The leader of the Republic of Florida, a "white civil rights organization," said the Parkland shooter was a member

Published February 15, 2018 5:18PM (EST)

Nikolas Cruz (Getty/Broward's Sheriff's Office)
Nikolas Cruz (Getty/Broward's Sheriff's Office)

UPDATE: Local law enforcement sources have not found ties between Nikolas Cruz and the Republic of Florida. The group's leader, Jordan Jereb, has also since seemed to suggest his initial admission of knowing of Cruz's participation was not accurate.

Nikolas Cruz, the 19-year-old accused of carrying out a mass shooting that claimed 17 lives at a Florida high school Wednesday, was involved with a white supremacist group and participated in paramilitary drills, according to multiple news reports.

The leader of the Republic of Florida, Jordan Jereb, confirmed on Thursday that Cruz was a member of the organization and participated in paramilitary drills in Tallahassee, the Associated Press reported. Jereb insisted Cruz had "acted on his own behalf" and was "solely responsible for what he just did." He also said he did not personally know Cruz, but that he was brought up by other members within the organization.

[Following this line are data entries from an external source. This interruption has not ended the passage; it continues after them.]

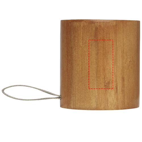 Bamboo Bluetooth® speaker with a 3W output and excellent sound quality. The built-in 500 mAh battery allows up to 3 hours of usage at maximum volume on a single charge. Bluetooth® 5.0 working range is up to 10 meters. Packaged in a gift box and delivered with an instruction manual (both made of sustainable material). Micro-USB charging cable is included. Since bamboo is a natural product, there may be slight variations in colour and size per item, which may affect the final decoration outcome.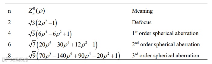 表1 n 阶0类泽尼克多项式的公式表达及物理意义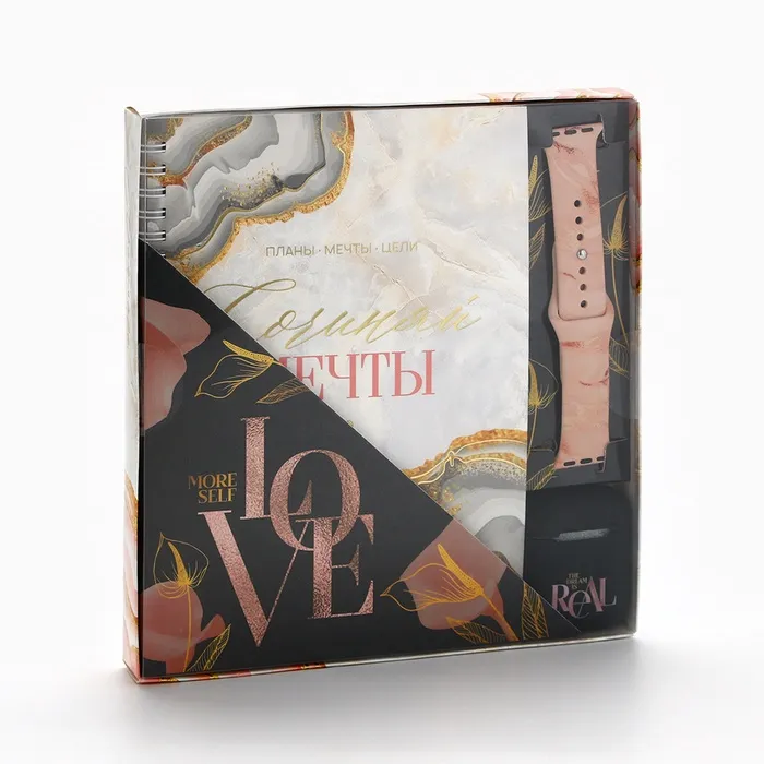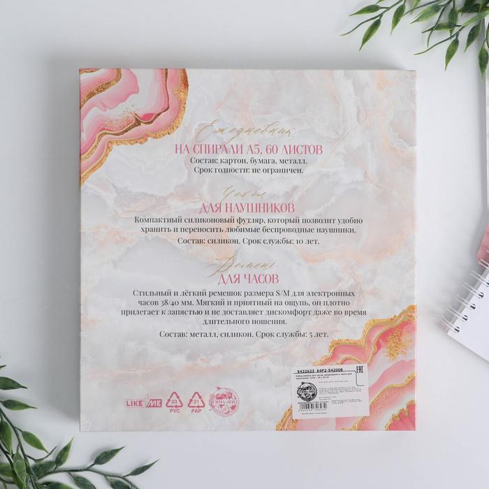 Подарочный набор с ежедневником, ремнём для часов и чехлом для наушников пойдет деловым людям, которые желают всегда оставаться на связи и держать всё под контролем.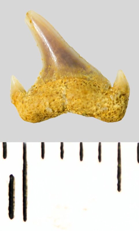 Мелкий боковой зуб с коронкой серого цвета, колюще-режущего типа, S-образно изогнутой, с гладким режущим краем. С лингвальной стороны у основания коронки на эмали имеется скульптура в виде слабой продольной струйчатости. Корень охристый, арочный, умеренно массивный, со следами окатанности. С лингвальной стороны корня одна питательная борозда. Присутствует одна пара добавочных зубцов коронки.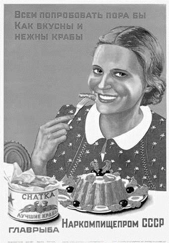 В конце 1930-х тональность пропаганды меняется. Фактически до середины 1950-х годов – это апофеоз продуктовой рекламы. Что, в общем, вполне объяснимо. Начала нового быта более или менее привились. А вот другая тема – роль государства в питании населения – стала преобладающей. Правительство и коммунистическая партия – вот настоящие кормильцы народа. А мудро руководимая ими пищевая промышленность – неиссякаемый источник продуктов и товаров. Не зря в иллюстрациях всегда подчеркивается марка изделия. Что бы ни было изображено на картинке, в глаза непременно должна бросаться этикетка. А на ней – Минпищепром, Главрыба, Росглаввино, Главликерводка, Главхлеб, – в общем, все те, кто обеспечивает достаток советских людей. Новой задачей стало и «продвижение» в массы относительно дорогих товаров: крабовых и лососевых консервов, осетровой икры и т. п. «Всем попробовать пора бы, как вкусны и нежны крабы!» – убеждает нас молодая женщина с самого запоминающегося плаката 1930-х годов работы А. Миллера.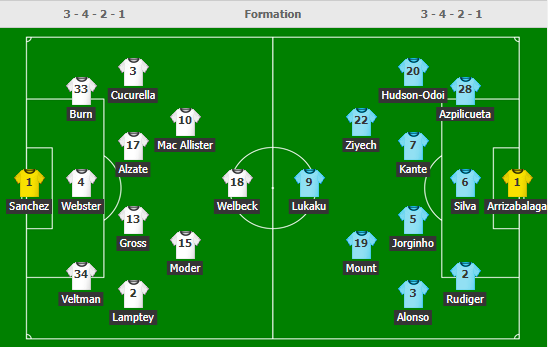 HLV Potter bất ngờ cất cả Maupay lẫn Trossard trên băng ghế dự bị trận này và đặt niềm tin vào Welbeck, cầu thủ chưa thể hiện được nhiều. Bên phía đối diện, Thomas Tuchel vẫn để Lukaku chơi cao nhất, Ziyech và Mount hỗ trợ phía sau.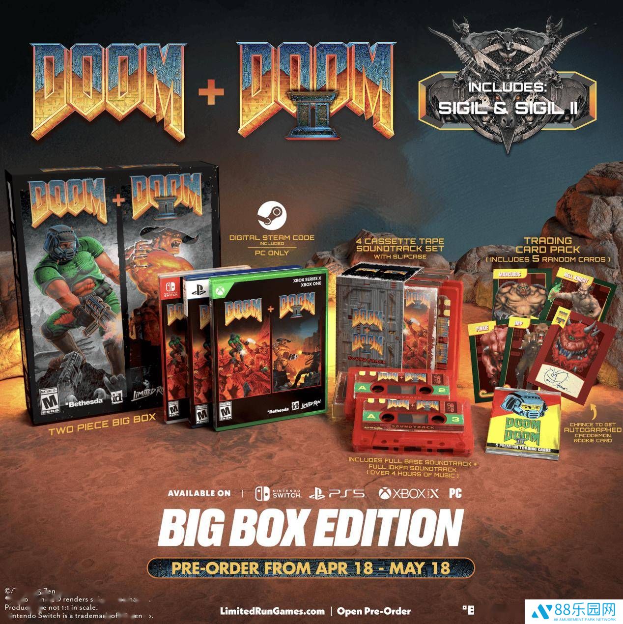 在Big Box豪华版中,除了游戏本体之外,玩家还将获得原声碟磁带和游戏实体纪念卡片等珍贵收藏品。而Will It Run限定版则更加豪华,其包装盒内置屏幕可直接游玩原版《毁灭战士》游戏,同时还包含游戏收藏证书、怪物Cacodemon手办、以Cacodemon为造型的游戏机(同样可玩原版《毁灭战士》)、原声碟磁带以及游戏实体纪念卡片,每一项都是对《毁灭战士》系列的致敬和纪念。

ROF has been described as a "white civil rights organization fighting for white identitarian politics," according to the Anti-Defamation League, a civil rights watchdog that also spoke with Jereb. ROF advocates for a "white ethno-state" in Florida.

Three former classmates of Cruz also told ABC News that he had been a part of the organization, telling reporters that they frequently saw him march with the group and saw him alongside Jereb, despite Jereb's initial denials.

Jereb told ABC he had not spoken to Cruz in "some time." He added that "he knew he would getting this call" about a mass shooting involving Cruz, but provided no further details or explanation.

Cruz opened fire on his former classmates on Wednesday, killing 17 people. He also had a known past obsession with guns, and has since been arrested and charged with multiple counts of murder.

There have been widespread outcries from the public, professional basketball coaches and even students who survived the tragic shooting for lawmakers to act on gun control. So far, Trump has only focused on mental illness as the reason behind the incident and has not made any mention of guns, or potential reform legislation. He addressed the nation on Thursday and urged children to seek help if they are "lost, alone, confused or even scared," CNN reported.

Trump has not yet addressed the news of Cruz's ties to white supremacy, and a quick look at recent events will show that the president has reacted differently to mass acts of violence committed by white people, compared to people of color. Trump has often used terror attacks committed by Muslims as a vehicle to push forth his hardline immigration agenda, and to justify growing U.S. wars abroad, despite the growing threat from right-wing extremism. He has also often been touted as a champion for many right-wing white supremacists, such as David Duke, the former leader of the Ku Klux Klan.